Three Shakespeare Songs

composer
1951
author of text
No 1: The Tempest I:2; No 2: The Tempest IV:1; No 3: A Midsummer Night's Dream II:1

Holst Singers, Stephen Layton (conductor)
Recording details: February 1995
St Jude-on-the-Hill, Hampstead Garden Suburb, London, United Kingdom
Produced by Martin Compton
Engineered by Antony Howell
Release date: October 1995
Total duration: 6 minutes 35 seconds

Cover artwork: The Allotment Garden (1899) by Sir George Clausen (1852-1944)
Reproduced by permission of The Fine Art Society, London
 

Other recordings available for download

Tenebrae, Nigel Short (conductor)
Laudibus, Michael Brewer (conductor)
The Cambridge Singers, John Rutter (conductor)

Reviews

‘This new Vaughan Williams collection complements the Holst Singers' critically acclaimed 1993 CD of Holst partsongs (CDH55171) and is equally impressive … masterly, but also supremely musical … the Shakespeare settings are outstanding … the Holst Singers … sing with a spellbinding sense of atmosphere and crystal-clear textures. Strongly recommended for all admirers of Vaughan Williams and fine choral work’ (BBC Music Magazine)

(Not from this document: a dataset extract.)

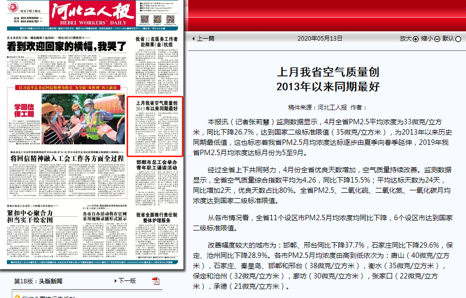 改善幅度较大的城市为:邯郸、邢台同比下降37.7%,石家庄同比下降29.6%,保定、沧州同比下降28.9%。各市PM2.5月均浓度由高到低依次为:唐山(40微克/立方米),石家庄、秦皇岛、邯郸和邢台(38微克/立方米),衡水(35微克/立方米),保定和沧州(32微克/立方米),廊坊(30微克/立方米),张家口(22微克/立方米),承德(21微克/立方米)。

‘A most worthwhile enterprise, strongly recommended’ (Fanfare, USA)

«Une réussite artistique exemplaire» (Répertoire, France)

'En todo momento, los cantores de Layton demuenstran un dominio total y lenguaje musical de Vaughan Williams … Un hermoso disco' (CD Compact, Spain)
Ralph Vaughan Williams composed these choral essays, somewhat reluctantly, as test pieces for the 1951 National Competition Festival of the British Federation of Music. Since then they have become a firm favourite as they combine a world of impressionism (from his experience with Ravel) with a journey through enharmonic wonders, and tongue-tying tricks of choral enunciation.

Full fathom five is a play on the sound of tolling bells, in multi-divided upper voices while the basses sing an undulating melody beneath. There is a little quirk though. If one takes the first four notes of either ‘O taste and see’ or the hymn tune: ‘For all the saints’ by the same composer, and sings them simultaneously, the result is the cluster-chord on ‘Ding’. The tenors, on ‘Dong’, then provide that clanging dissonance which employs the same interval inherent in bell overtones. A central, contrasting section is classic Vaughan Williams: parallel triads which transform, punning beautifully with the text, into the strangest superimposition of chords on ‘strange’.

The cloud-capp’d towers is a masterful test-piece for choirs to prove their collective tuning skills, but has also become a favourite for its ravishing colour-changes reminiscent of progressions in his 6th Symphony.

Over hill, over dale is in essence a Scherzo, with some similarities to the choral-scherzo (third movement) of his Sea Symphony. The keen listener might recognise the same interval-span on ‘hill’ and ‘dale’ as was used in the tolling-bell-effect in the first song.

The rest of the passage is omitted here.